To evaluate the benefits of the reconfiguration controller, we need an application to extend its life by increasing its resilience. The use of benchmark circuits for FPGA seems to us to be conclusive. The prepared systems with the circuit and the controller must then be tested in a harsh environment. Therefore, we will use fault injection directly into the FPGA configuration memory to simulate such an environment accurately. Faults are injected by our fault injector tool [10], allowing us to target only the utilized part of LUTs. This approach significantly speeds up the FT evaluation, and simultaneously, the accuracy remains similar, which we verified in [11]. For managing experiments and subsequent data collection, we use the *Fault Tolerance ESTimation (FT-EST)* framework [12].

#### A. Evaluation Platform and Circuits

The resilience evaluation platform, FT-EST, must be adapted to test individual benchmark circuits on the current FPGA. For each system, it is necessary to set the appropriate criticality of its future environment. In terms of testing, a value of  $2 \times 10^{-5} \text{ inj/s/bit}$  was experimentally chosen, which is a reasonable compromise between the situation in the Earth's orbit and the time required to obtain a sufficient number of results to evaluate the experiments. The proposed approaches are verified on the Xilinx ML506 development board [13] equipped with FPGA from the Virtex-5 family (XC5VSX50TFF1136). The 16-bit onboard flash memory P30 from Intel (JS28F256P30T95) is used for memory with golden bitstreams. We selected circuits from the ITC'99 [14] benchmark set for testing. Specifically, we chose three circuits so that it was possible to evaluate the effect of their size on the resulting resilience of the entire system. The largest possible circuit synthesizable on an FPGA was chosen, i.e., b12 benchmark, a single-player game (guess a sequence).

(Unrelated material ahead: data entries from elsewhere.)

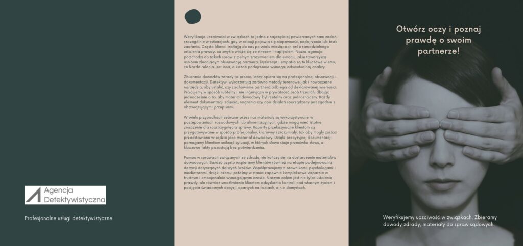 Weryfikacja uczciwości w związkach to jedno z najczęściej powierzanych nam zadań, szczególnie w sytuacjach, gdy w relacji pojawia się niepewność, podejrzenia lub brak zaufania. Często klienci trafiają do nas po wielu miesiącach prób samodzielnego ustalenia prawdy, co zwykle wiąże się ze stresem i napięciem. Nasza agencja podchodzi do takich spraw z pełnym zrozumieniem dla emocji, jakie towarzyszą osobom zlecającym obserwację partnera. Dyskrecja i empatia są tu kluczowe wiemy, że każda relacja jest inna, a każde podejrzenie wymaga indywidualnej analizy.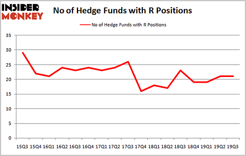 At Q3’s end, a total of 21 of the hedge funds tracked by Insider Monkey were bullish on this stock, a change of 0% from the second quarter of 2019. Below, you can check out the change in hedge fund sentiment towards R over the last 17 quarters. With the smart money’s positions undergoing their usual ebb and flow, there exists a select group of noteworthy hedge fund managers who were increasing their stakes significantly (or already accumulated large positions).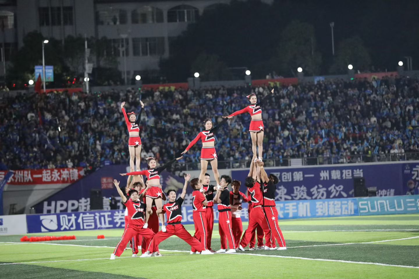 本网讯(通讯员 盘华)10月26日,第七轮湖南省足球超级联赛永州主场对阵长沙,开场前在赛场中央激情上演了一场视觉盛宴,我院盘华、郑华艳和美术与艺术设计学院李国碧老师带领的200多名啦啦操队员用她们充满活力与激情的表演,瞬间点燃了现场球迷的热情。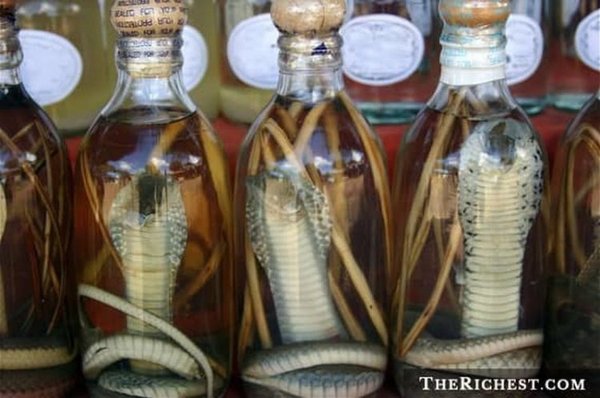 Наверняка вы видели это вино на картинках. Змеиное вино готовится путем погружения в рисовое вино ядовитых змей; это традиционный напиток для Юго-Восточной Азии, который был изобретен в Древнем Китае (первые упоминания о нем восходят к 771 году до н. э.). Это вино пьют скорее как лекарство и средство для увеличения потенции, чем как деликатес, но легально достать его очень сложно, несмотря на то, что яд змей в алкоголь не проникает.

The second selected circuit is the smallest, i.e., b01, FSM that compares serial flows. B05, elaborating the contents of memory, is the last selected circuit because it has the average

TABLE II: Use of FPGA resources by benchmark circuits.

| Benchmark | LUT | FLOP_LATCH | CARRY |  |
|-----------|-----|------------|-------|--|
| b01       | 10  | 10         | -     |  |
| b05       | 182 | 36         | 521   |  |
| b12       | 279 | 141        | -     |  |

size among the previous ones. Table II summarizes the FPGA resource utilization by the selected circuit.

The prepared test systems with the RCs and the selected benchmark circuits have the following structure on the FPGA shown in Figure 2. Figure 2a shows a system with a simple controller, i.e., the benchmark circuit in TMR, the simple version of GPDRC, and the majority voter, which also detect a faulty module. In this case, each of the three PRMs with the entire benchmark circuit can be repaired separately. Figure 2b, on the other hand, shows a system with a self-repairing GPDRC in CGTMR. In addition to PRM with benchmark circuits, such a controller can also repair its modules. Thus, each of the three PRMs with the controller module and fault detection can be reconfigured separately. In this way, we prepared nine experimental systems to evaluate the benefits of our self-repairing RC. For each of the three selected benchmark circuits, which is always in TMR, three scenarios are prepared:

1) reference solution without RC,

2) with simple GPDRC,

3) with GPDRC in CGTMR (self-repair version).



(a) System with a simple controller.



(b) System with the controller in CGTMR with self-repair.

Figure 2: Schematic of the tested system on an FPGA.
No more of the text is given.